▸ What you will do: All pictures are to be omitted while the lines starting at the line with "Link recognitions and" and ending at the line with "除此之外,裝修公司根據不同的" in the material below are retyped exactly, both ends included.

--- Extracted records Enclosed Below ---

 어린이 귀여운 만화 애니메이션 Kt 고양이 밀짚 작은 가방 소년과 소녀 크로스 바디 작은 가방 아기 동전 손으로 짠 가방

--- End of Enclosed Extracted records ---
--- Extracted records Enclosed Below ---

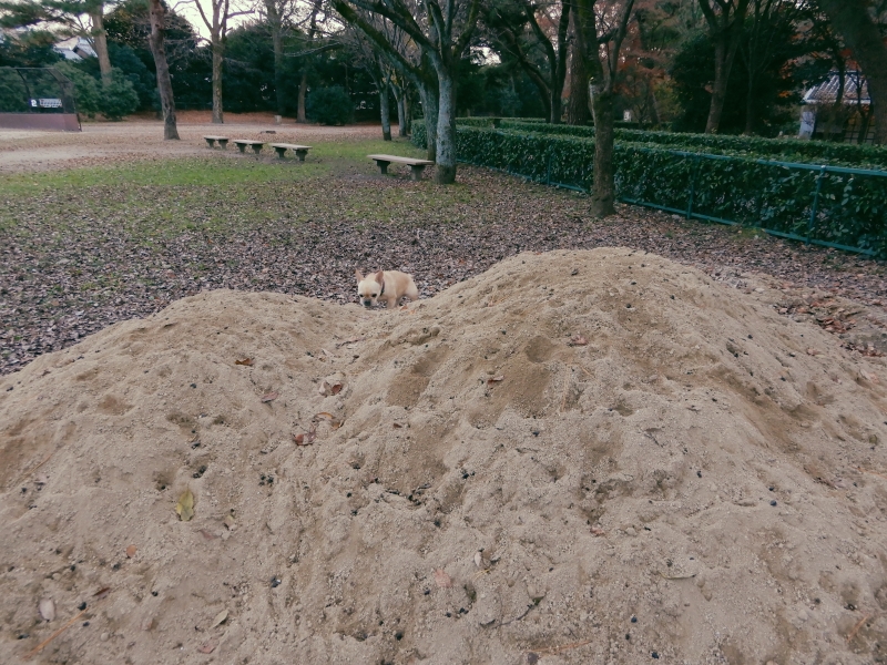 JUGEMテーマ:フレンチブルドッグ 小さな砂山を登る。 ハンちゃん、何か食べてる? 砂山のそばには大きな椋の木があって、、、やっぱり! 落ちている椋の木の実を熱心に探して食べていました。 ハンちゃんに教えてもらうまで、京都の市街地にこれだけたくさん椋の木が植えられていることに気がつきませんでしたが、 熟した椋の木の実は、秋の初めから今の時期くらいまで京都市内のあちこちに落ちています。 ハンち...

--- End of Enclosed Extracted records ---
--- Extracted records Enclosed Below ---

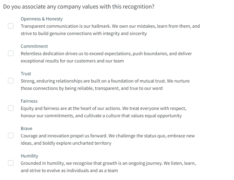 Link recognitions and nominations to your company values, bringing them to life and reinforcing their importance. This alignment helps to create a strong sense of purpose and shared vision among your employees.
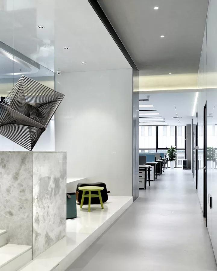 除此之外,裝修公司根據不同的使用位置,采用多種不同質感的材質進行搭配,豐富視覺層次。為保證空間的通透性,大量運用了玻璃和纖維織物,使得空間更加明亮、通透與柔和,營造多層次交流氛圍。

--- End of Enclosed Extracted records ---

▸ Exercise result:
 Link recognitions and nominations to your company values, bringing them to life and reinforcing their importance. This alignment helps to create a strong sense of purpose and shared vision among your employees.
 除此之外,裝修公司根據不同的使用位置,采用多種不同質感的材質進行搭配,豐富視覺層次。為保證空間的通透性,大量運用了玻璃和纖維織物,使得空間更加明亮、通透與柔和,營造多層次交流氛圍。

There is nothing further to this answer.